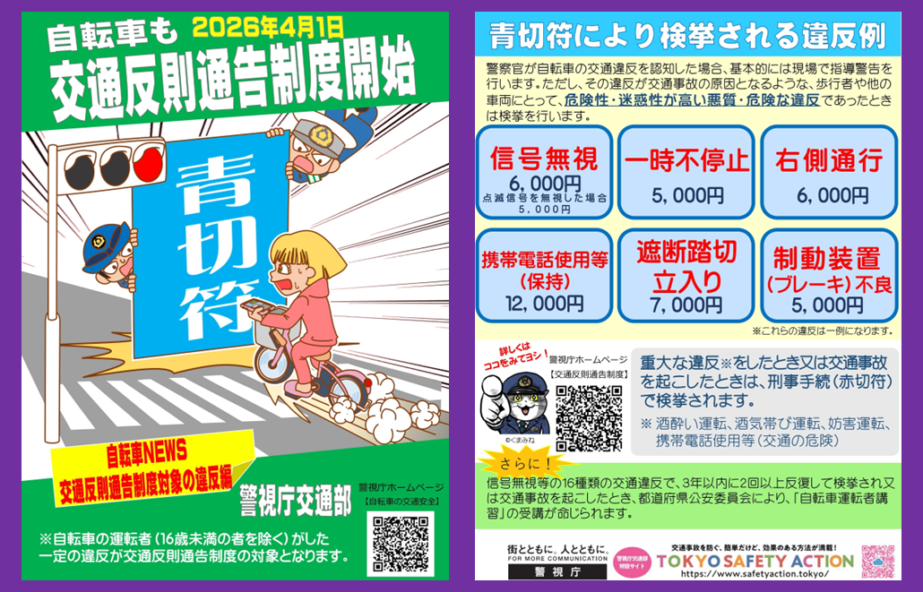 2026年(令和8年)4月から、自転車の交通違反にも「青切符」が始まります。
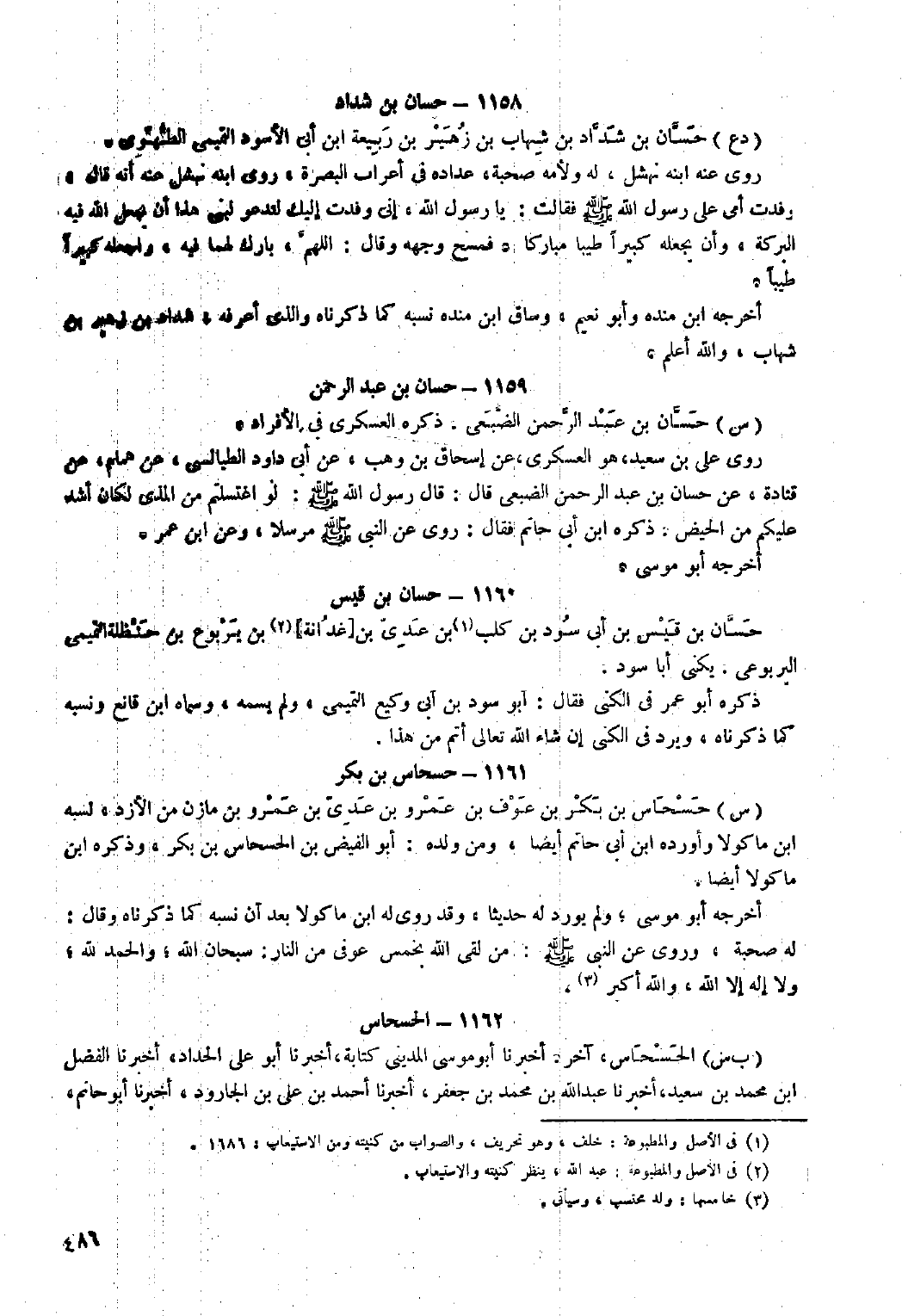 (ب س) الحسحاس، آخر. أَخْبَرَنَا أَبُو مُوسَى الْمَدِينِيُّ كِتَابَةً، أَخْبَرَنَا أَبُو عَلِيٍّ الْحَدَّادُ، أَخْبَرَنَا الفضل ابن مُحَمَّدِ بْنِ سَعِيدٍ، أَخْبَرَنَا عَبْدُ اللَّهِ بْنُ مُحَمَّدِ بْنِ جَعْفَرٍ، أَخْبَرَنَا أَحْمَدُ بْنُ عَلِيٍّ بن الجارود، أخبرنا أبو حاتم،
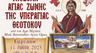 Ἡ Ἱερά Μητρόπολη Θεσσαλιώτιδος καὶ Φαναριοφερσάλων ἀνακοινώνει ὅτι, τὴν Κυριακὴ 11 Μαΐου 2025 καὶ ὥρα 6:30΄μ.μ., ὁ Σεβασμιώτατος Μητροπολίτης μας κ. Τιμόθεος, ἐπικεφαλῆς τοῦ ἱεροῦ Κλήρου καὶ τοῦ εὐσεβοῦς λαοῦ, θὰ ὑποδεχθεῖ τὴν Ἁγία Ζωνὴ τῆς Παναγίας μας ἔναντι τοῦ Ξενοδοχείου ΑΡΝΗ, (εἴσοδος Κεντρικῆς Πλατείας) πόλεως Καρδίτσας, τὴν ὁποία θὰ κομίσει ὁ Πανοσιολογιώτατος Ἀρχιμανδρίτης Γέρων Ἐφραίμ, Καθηγούμενος τῆς Ἱερᾶς Μεγίστης …
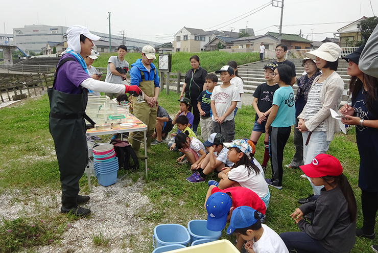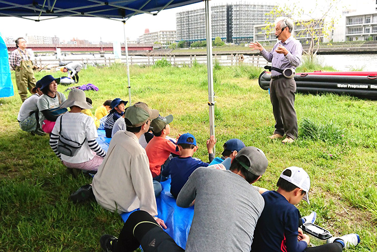 慶應義塾大学名誉教授・貝殻浜生物調査隊顧問の岸先生に、生物多様性を守るというのはどういうことか、分かりやすくお話しいただきました。生き物とたくさん触れ合った後には、少しだけお勉強もします。
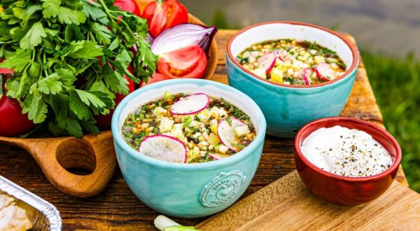 Описание: ✅ Окрошка на квасеЕсли на даче предстоят «жаркие» деньки, приготовьте домашнюю окрошку на квасе, которая станет настоящим спасением для тела и души. Именно она поддержит вас в битве за будущий урожай или в борьбе за ровный газон, а также просто подарит отличное настроение. Этот рецепт — вполне классический, только вместо отварного мяса мы предлагаем использовать ветчину. Ну, просто потому, что это значительно ускорит и упростит процесс создания супа! Если же вы готовы потратить время на варку мяса — пожалуйста, используйте его. В любом случае домашняя окрошка на квасе выполнит сразу три важные задачи: насытит, освежит и подарит истинное наслаждение вкусом.
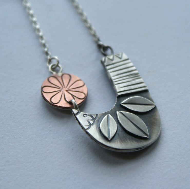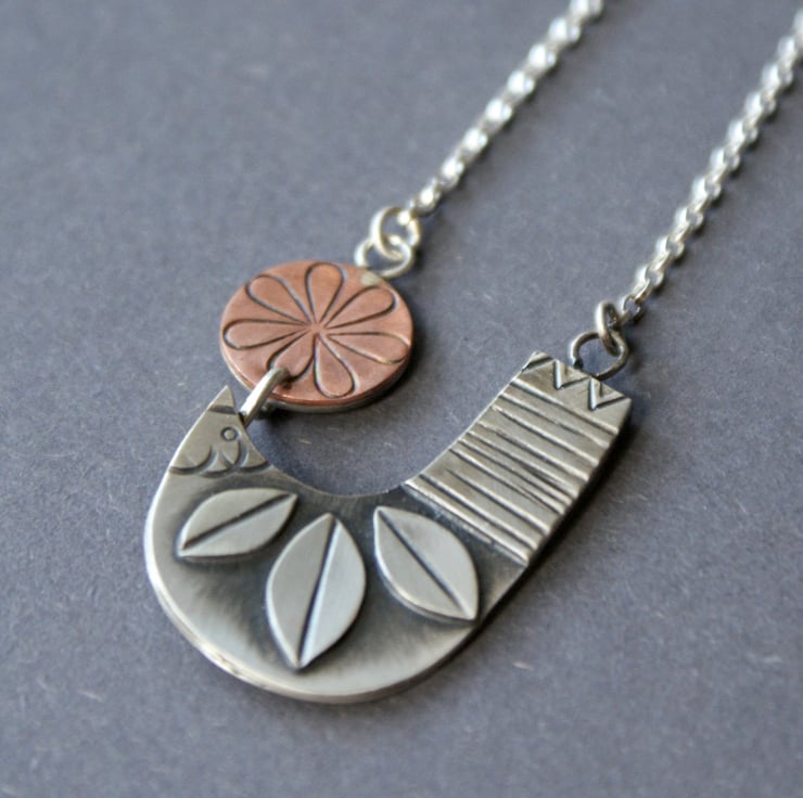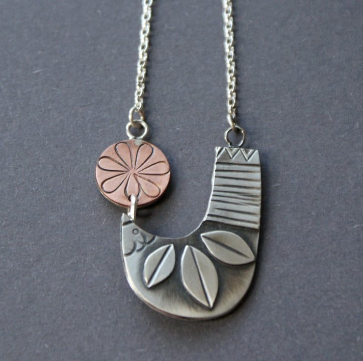 A quirky necklace featuring a stylised bird and a sun hand cut from layers of silver and copper. The pieces have been cut and textured before being soldered together, oxidised and partly polished back to a satin finish.

******

TO DO:
Nothing should appear in the reply except the lines from the start of the listing above through the line with "(ب س) الحسحاس،", repeated exactly and free of pictures.

RESPONSE TO THIS EXERCISE:
 2026年(令和8年)4月から、自転車の交通違反にも「青切符」が始まります。
 (ب س) الحسحاس، آخر. أَخْبَرَنَا أَبُو مُوسَى الْمَدِينِيُّ كِتَابَةً، أَخْبَرَنَا أَبُو عَلِيٍّ الْحَدَّادُ، أَخْبَرَنَا الفضل ابن مُحَمَّدِ بْنِ سَعِيدٍ، أَخْبَرَنَا عَبْدُ اللَّهِ بْنُ مُحَمَّدِ بْنِ جَعْفَرٍ، أَخْبَرَنَا أَحْمَدُ بْنُ عَلِيٍّ بن الجارود، أخبرنا أبو حاتم،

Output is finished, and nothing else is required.